IU Pivot Zones + GMADESCRIPTION:
IU Pivot Zones + GMA is a smart price-action-based indicator that detects meaningful support and resistance zones formed through pivot highs/lows while combining them with dynamic zone generation and Geometric Moving Averages (GMA). This tool is built to help traders visualize institutional breakout/rejection zones with clear, logical mapping and live box management — helping you stay ahead of the move.
The indicator is designed for intraday, swing, and positional traders who want to enhance their trading decisions with visual confluence zones and market structure logic.
USER INPUTS
* Pivot point Lengths: Number of bars used to detect pivot highs/lows
* Zone length: Controls the thickness of the support/resistance zone; higher values create wider zones
* GMA Length: Period for calculating the geometric moving averages based on highs and lows
* Allow Bar/candle Color: Enables or disables special candle coloring when price interacts with the zones
LOGIC OF THE INDICATOR:
* Detects pivot highs and pivot lows using the user-defined length
* Compares consecutive pivot levels to determine if they fall within a valid ATR-based price band to form a zone
* If confirmed, the indicator dynamically plots a resistance or support box between those pivot points, colored respectively (red for resistance, green for support)
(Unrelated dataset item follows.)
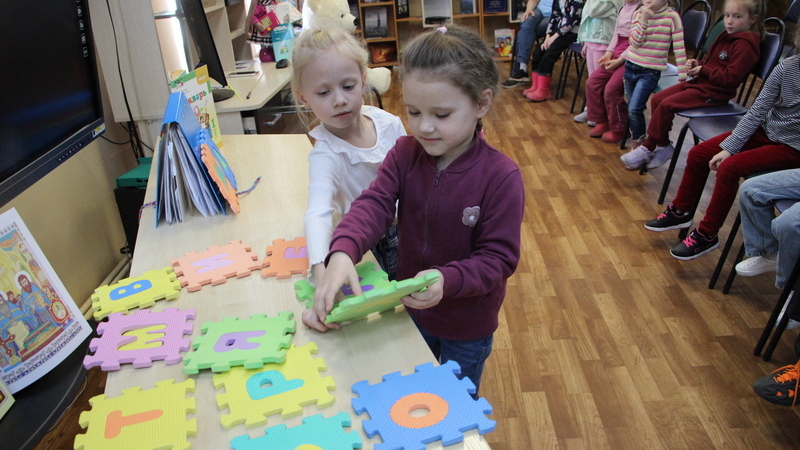 Дети с большим удовольствием вспоминали пословицы и отгадывали загадки о буквах, книгах и сказочных героях, составляли сами короткие слова и даже разгадывали ребусы.

* The boxes update in real-time based on price action. If price respects the zone, the box extends forward. If price breaks the zone, the box disappears
* Geometric Moving Averages (GMA) based on logarithmic mean of highs and lows are plotted to offer a trend bias
* Candles that touch the top of the support zone are colored yellow, and those touching the bottom of the resistance zone are orange, enhancing zone reaction visibility
WHY IT IS UNIQUE:
* Uses logarithmic-based GMAs, which are smoother and less reactive than traditional moving averages
* ATR-based zone logic makes it adaptive to volatility instead of using fixed-width zones
* Combines structural levels (pivots), volatility filters (ATR), and trend overlays (GMA) in one unified tool
* Real-time zone extension and disappearance logic based on price interaction
HOW USER CAN BENEFIT FROM IT:
* Spot high-probability breakout or reversal zones that price respects consistently
* Use the GMA cloud for trend confirmation — for example, bullish bias when price is above both GMAs
* Build price action strategies around zone touches, breakouts, or rejections
* Use color-coded candles as real-time alerts for potential entry/exit signals near S/R levels
* Save time by avoiding manual marking of zones on charts across timeframes
DISCLAIMER:
This indicator is created for educational and informational purposes only. It does not constitute financial advice or a recommendation to buy or sell any asset. All trading involves risk, and users should conduct their own analysis or consult with a qualified financial advisor before making any trading decisions. The creator is not responsible for any losses incurred through the use of this tool. Use at your own discretion.